With reference to FIGS. 15-17, vertical tilt conveyor 132 includes a support frame 134 and a base 150. Support frame 134 includes a panel 135 that is pivotally mounted to base 150. Panel 135 includes a plurality of holes 136 that are in fluid communication with a blower unit 137. Vertical tilt conveyor 132 also includes a tilt drive 138 comprised of a piston/cylinder system for tilting panel 134. A plurality of vertical rollers 142, which rotate about a vertical axis, are mounted to support frame 134. A plurality of horizontal rollers 144 are also mounted to panel 135. Horizontal rollers 144 rotate about a horizontal axis and are driven by a motorized drive belt system 146, best seen in FIG. 17.

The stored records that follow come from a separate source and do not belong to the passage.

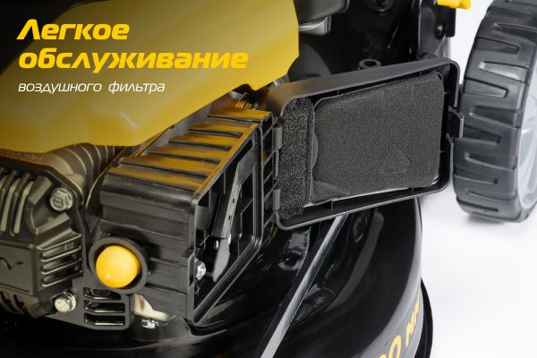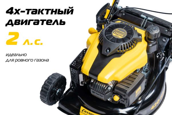 4х-тактный двигатель мощностью 2 л.с. делает эту модель оптимальным вариантом для небольших участков с ровным рельефом.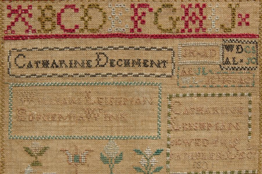 Catherine Leishman sewed this sampler Dec.1831. She highlights her mothers name Catherine Dechmont in black letting us know she had died, and her fathers details William & her stepmothers name Euphemia Wink .(both having three children).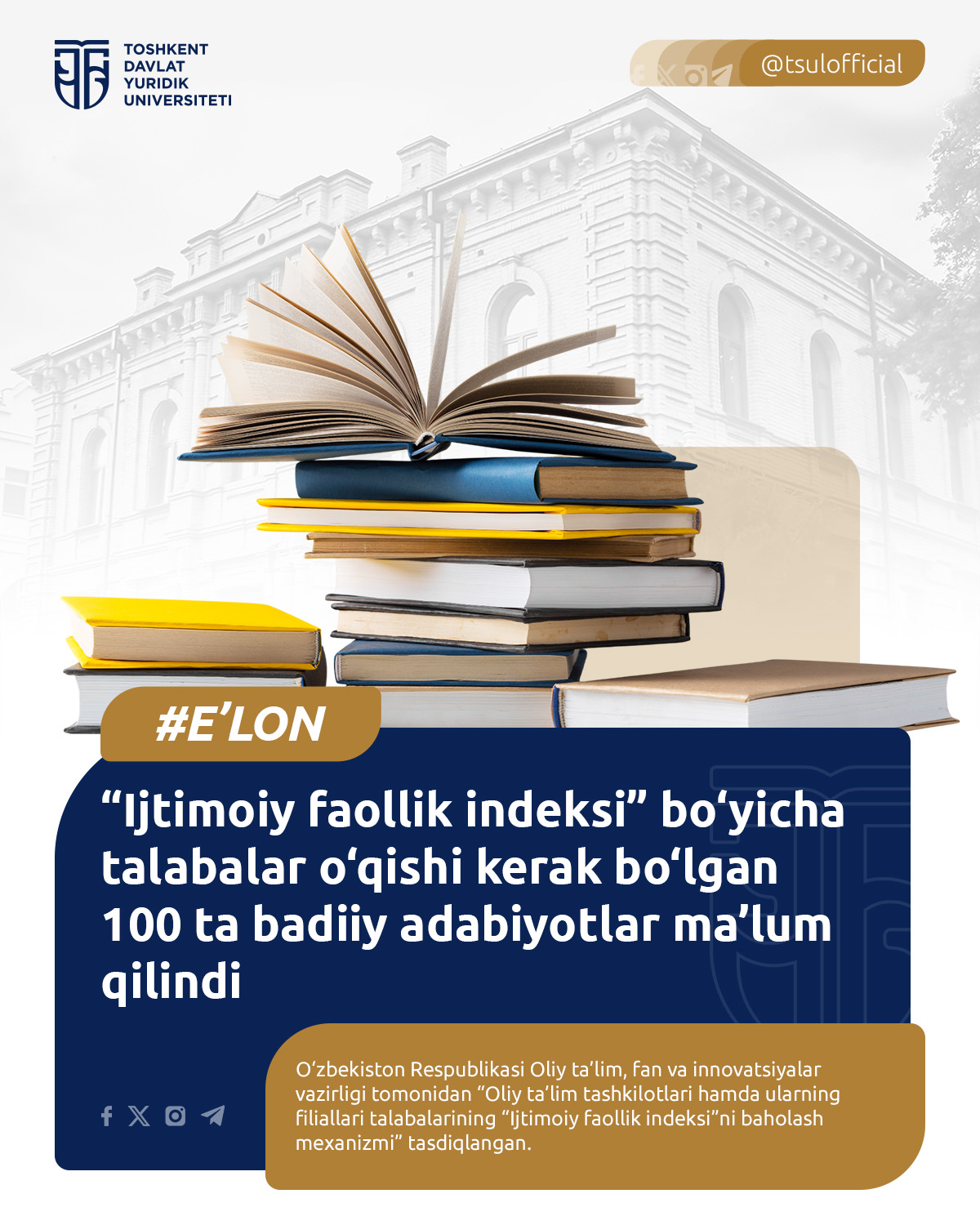 19-sentabr 10:00 da TDYU 3-bino 234- xonada (magistrlar va doktorantlar uchun):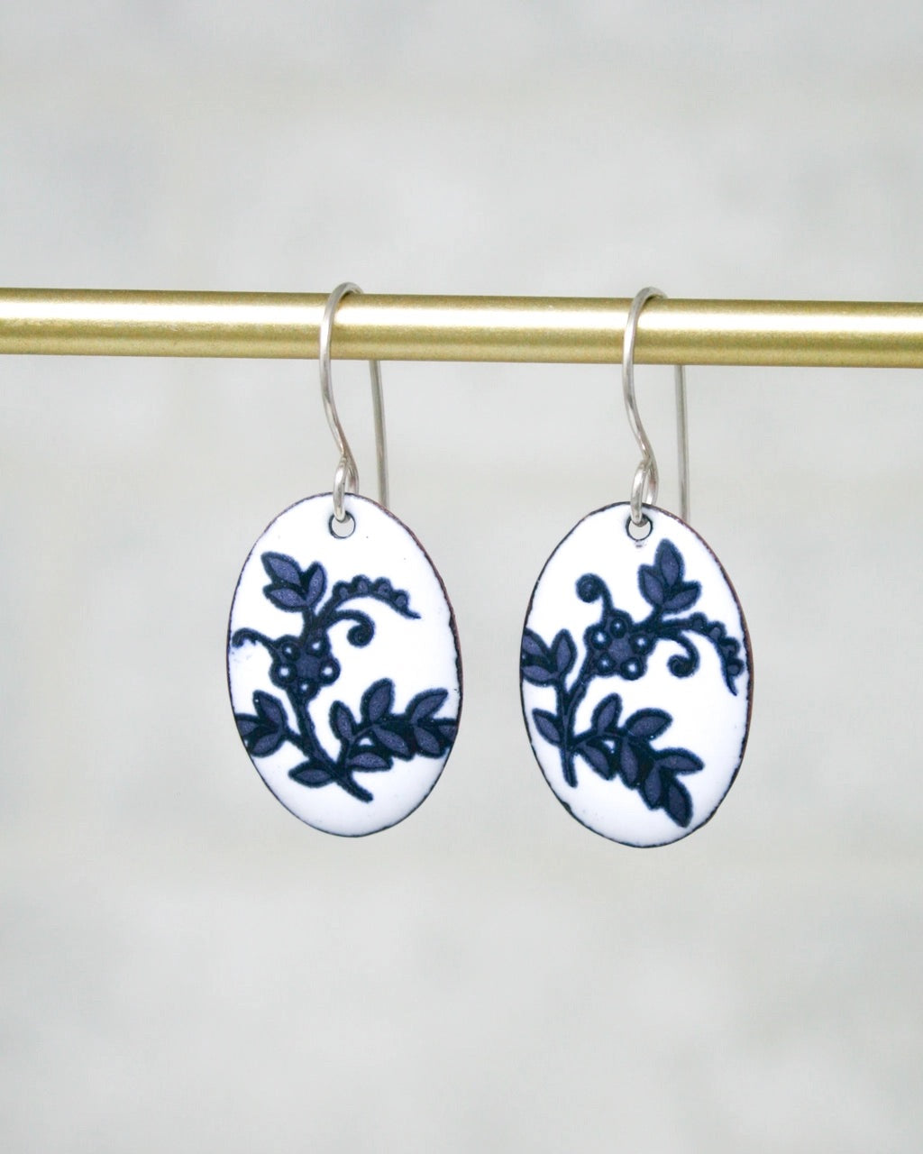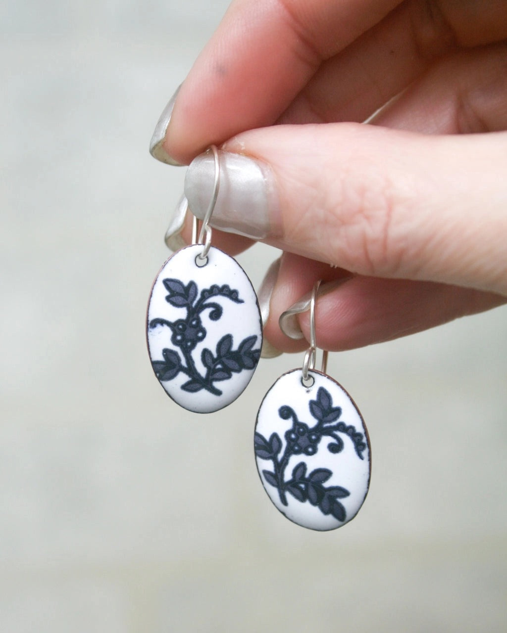 Our earrings feature upcycled vintage decals, fused onto enamel to create beautiful and unique pieces. Each pair is made in limited quantities, making them a distinctive addition to any collection. With their timeless appeal and lightweight, comfortable design, these earrings are perfect for customers who appreciate unique, sustainable jewelry.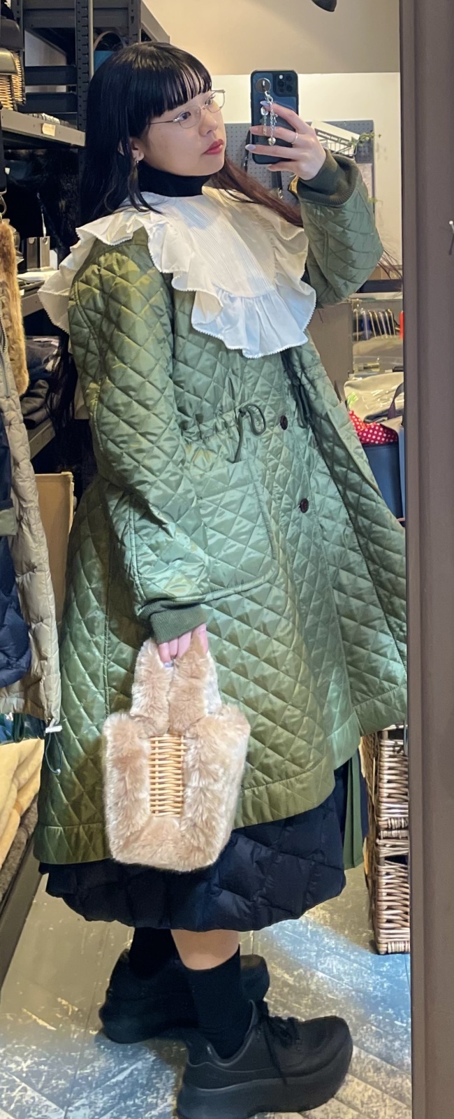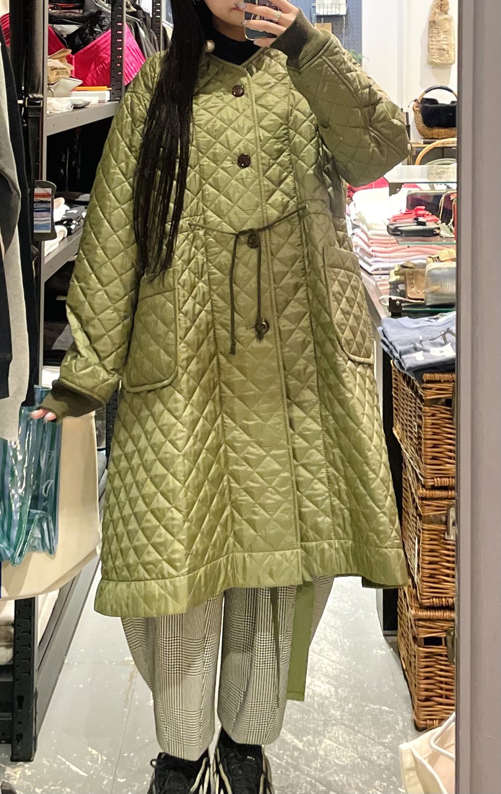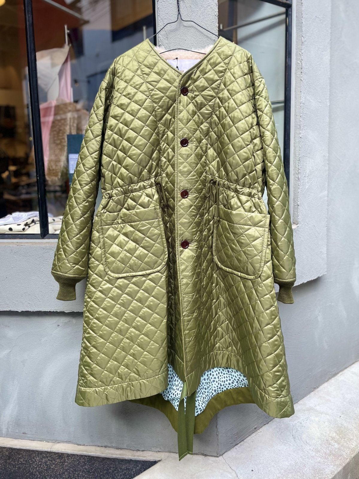 中わた入りのキルティングコート。ちらっと見える裏地にはかわいいアニマル柄が施されています。首元にはボアが付いており、防寒力も抜群です。ウエストと裾についたドローコードを引っ張ると、また違ったシルエットがお楽しみいただけます。裏返しての着用もおすすめです。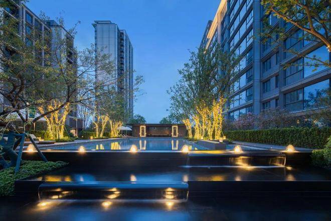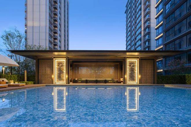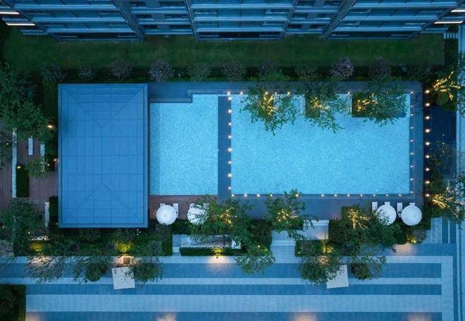 所以,当孩子们在嬉水池踩水、欢闹,你可以在泳池边舒展的枝丫下,在一个舒服的躺椅上休憩、闲聊,这样一来,湛蓝的嬉水池就成了密友聊天和亲子共聚的背景。
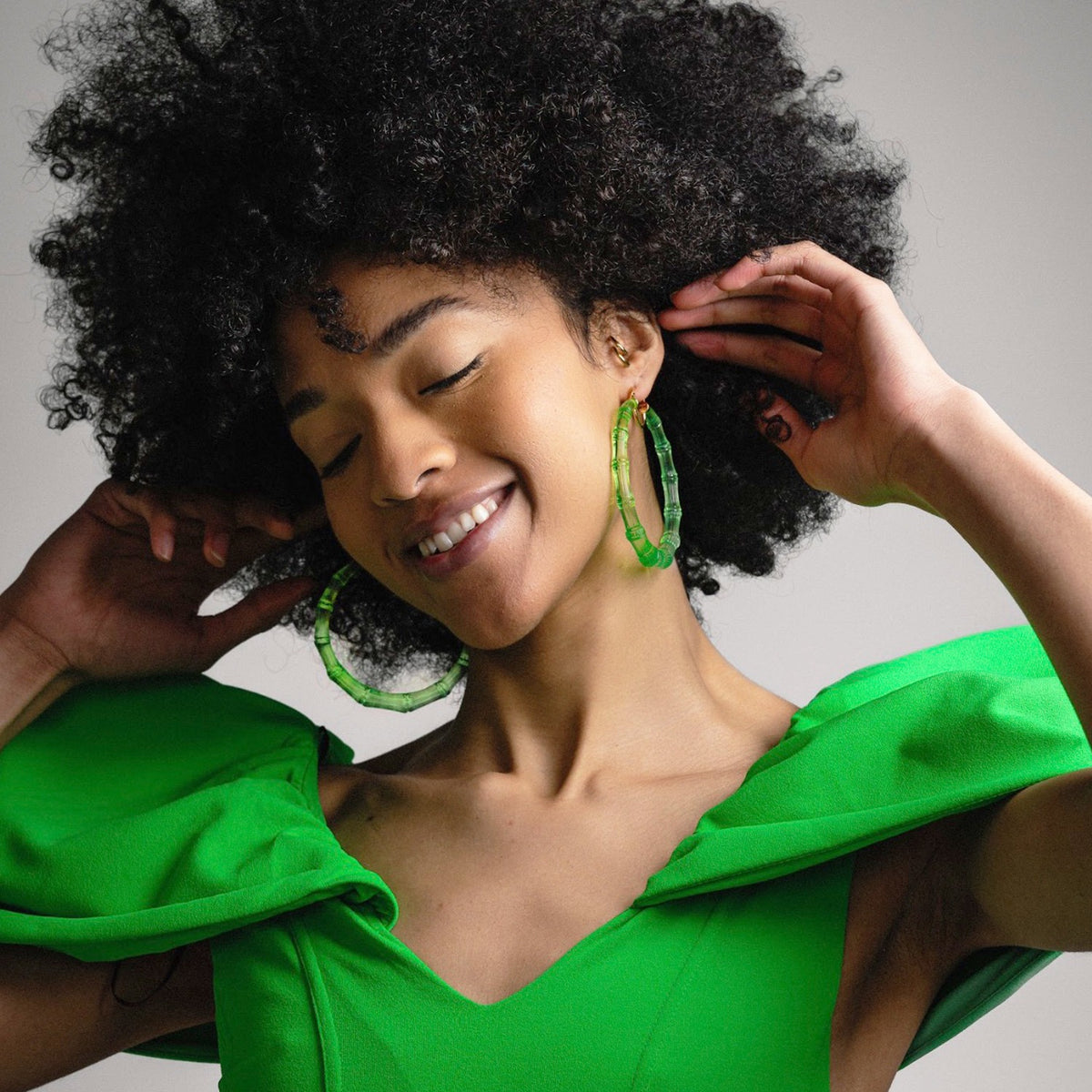 Xl Bamboo Hoop Earrings In Lime Green
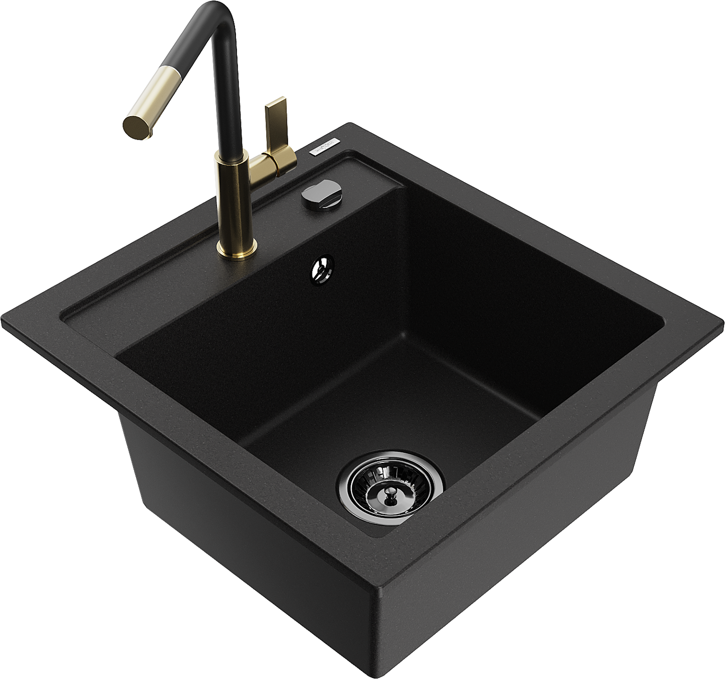 Mexen Vito zlewozmywak granitowy 1-komorowy z baterią kuchenną Flora, czarny - 6503-77-670401-57-B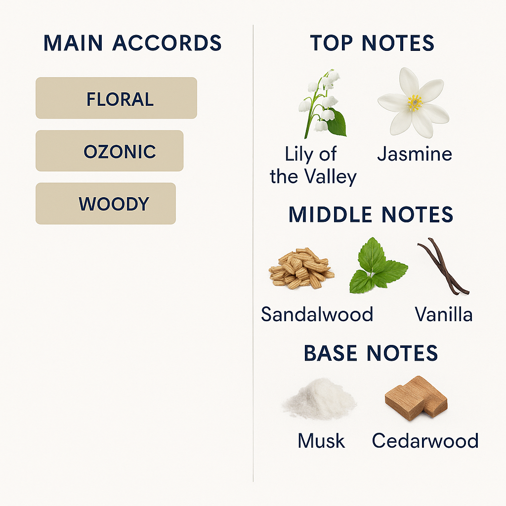 It features a pure, fresh scent with a blend of white flowers and ozone.

Laser guide 158 and laser sensor 160 are mounted to support frame 134. Laser guide 158 emits a laser beam that is directed toward a rack 15 that is located on rack indexer assembly 170. Laser sensor 160 detects reflections of the laser beam produced by laser guide 158. Operation of laser guide 158 and laser sensor 160 are described in further detail below.

Rack indexer assembly 170 will now be described with reference to FIGS. 18-23. Rack indexer assembly 170 is generally comprised of an elongated frame 172, a drag chain assembly 180, and a pop-up roller assembly 200. Elongated frame 172 defines a travel path adjacent to vertical tilt conveyor 132, and has a feed end 174 for receiving a rack 15 and an exit end 176 for outputting a rack 15. Drag chain assembly 180 engages with rack 15 and advances rack 15 along the travel path. Drain chain assembly 180 is comprised of a pair of metal chains 182 and a motorized sprocket drive assembly 184.

Pop-up roller assembly 200 is mechanically similar to pop-up roller assembly 100 described above. As best seen in FIG. 21, pop-up roller assembly 200 is comprised of a roller unit 202, a piston/cylinder drive 206, and a support base 208. Roller unit 202 includes a plurality of horizontal rollers 203 that rotate about a horizontal axis and are driven by a motorized drive belt system 204. Roller unit 202 is moveable between a raised position and a lowered position. Movement of roller unit 202 between the raised and lowered positions is driven by piston/cylinder drive 206. It should be appreciated that when roller unit 202 is located in the raised position, horizontal rollers 203 are aligned linearly with horizontal rollers 144 along a horizontal axis.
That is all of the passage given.